Queued up behind the current work. These build directly on the query planner.

### Compound and composite indexes
Declare a single index over ordered property tuples like `(type_id, status, score)` or `(type_id, tenant_id, updated_at)` with prefix semantics. The planner picks them up automatically.

### Boolean predicate planning
Extend queries beyond AND-only to support `OR`, `NOT`, `IN`, `exists`, and `missing` with index-union/intersection support.

### Query projection modes
Return exactly what you need: selected properties, selected metadata fields, or compact payloads. Avoid full record hydration when you only need IDs or a few fields.

### Edge queries and edge indexes
Promote edge predicates from post-filters to planned query sources. Query by edge type + property, endpoint + edge property, temporal windows, or weight ranges directly.
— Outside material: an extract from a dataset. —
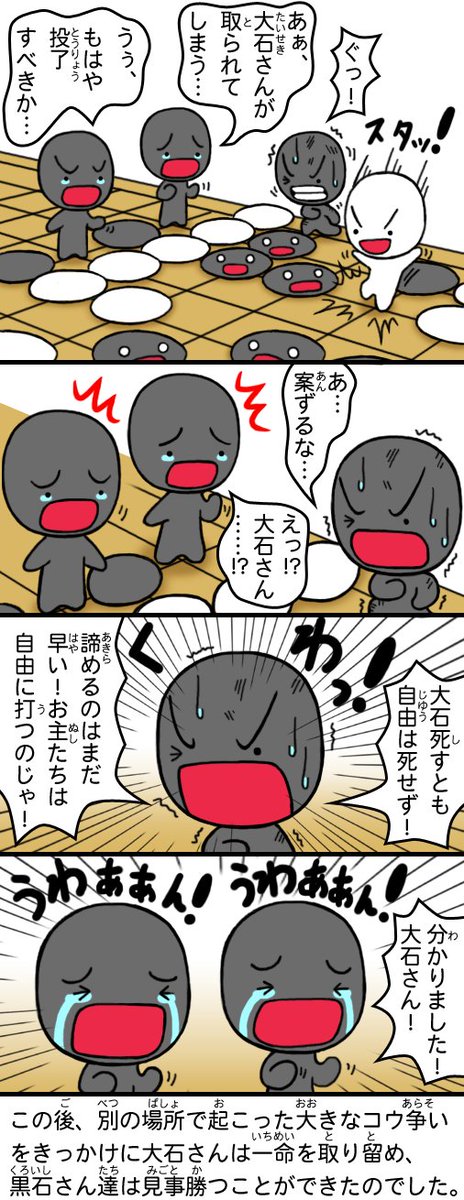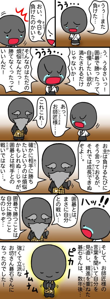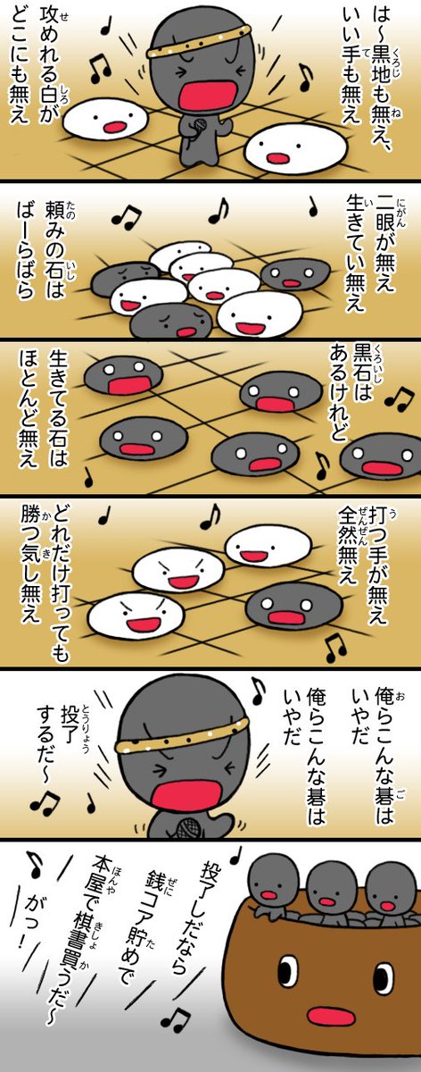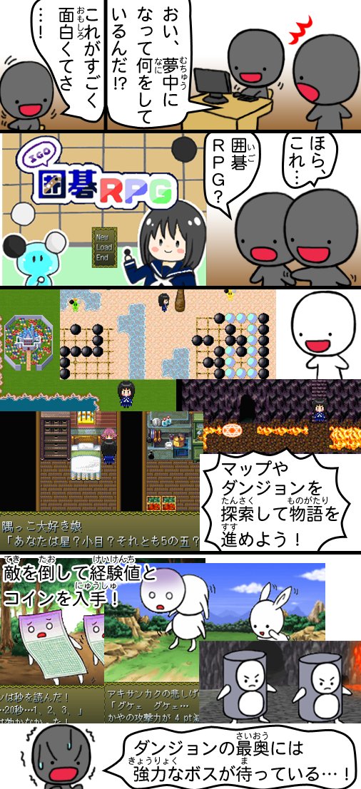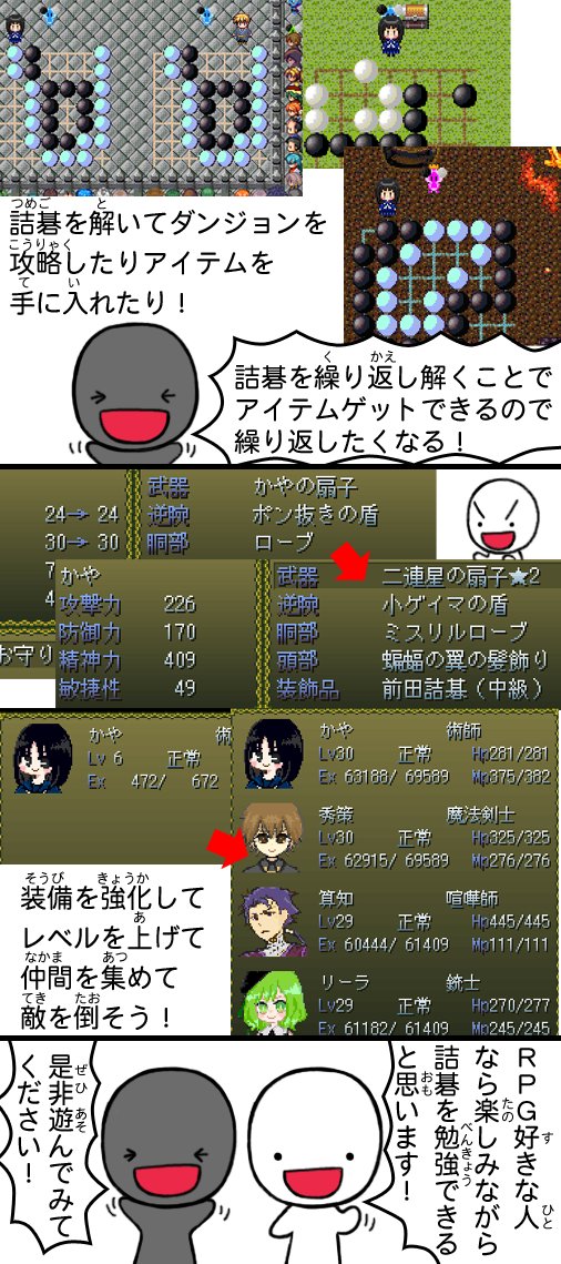 こちらのゲーム、すごく面白いので碁石さんでレビューっぽいのを描いてみました!(全2枚)。 敵キャライラストでちょこっと協力しています😄 ドラクエとかのRPG好きな人ならきっとはまると思うので、よかったらぜひ遊んでみていただければ😆 まだ開発版ですが、僕は結構やりこみました😆 #囲碁 twitter.com/akapemygo/stat…

### Graph pattern queries v2
Pagination and cursors for pattern results. Variable-length path patterns. Optional pattern pieces. Better branch-order costing.

### GQL / Cypher-style query syntax
A read-only query-string surface that compiles into the native query IR and planner. You get the convenience of a familiar syntax without giving up the API-first foundation underneath. This is an adapter, not a replacement.

### Planner statistics and selectivity model
Durable stats for per-type counts, property cardinality, value distribution, and adjacency fanout so the planner can make evidence-based decisions instead of heuristic guesses.

### Graph-algorithm-scoped vector search
Generalize vector search scoping beyond traversal start points. Run dense, sparse, or hybrid search over query results, pattern matches, PPR neighborhoods, community memberships, or explicit node sets.

---

## Exploring

Research-phase items. We're investigating feasibility, design tradeoffs, and whether there's real demand. These may change shape significantly before they land.

### RDF import/export
Define a canonical mapping between OverGraph's property-graph model and RDF terms so you can move existing graph data in and out. Import and export for common RDF syntaxes (Turtle, N-Triples, JSON-LD). This is the foundation for everything else in the standards track.

### SPARQL read support
A read-only SPARQL query layer over a mapped RDF view of the graph. `SELECT`, `ASK`, and `CONSTRUCT` queries that compile down to OverGraph's native planner. Built on top of the RDF mapping, not a separate triplestore.

### OWL reasoning
Ontology support above the RDF/SPARQL layer. Starting with an implementable OWL 2 profile (likely RL) and deciding between materialized inference at import time vs. derived inference at query time. This is genuinely ambitious and won't happen until SPARQL proves demand.

### Migration tooling
Tools for bringing existing graph data into OverGraph from other databases and formats. The RDF layer covers semantic-web sources, but we're also looking at property-graph interchange formats and direct migration paths from other embedded graph stores.

---

## On Deck

Planned features that are waiting for the right time. These are designed and scoped but not actively being built.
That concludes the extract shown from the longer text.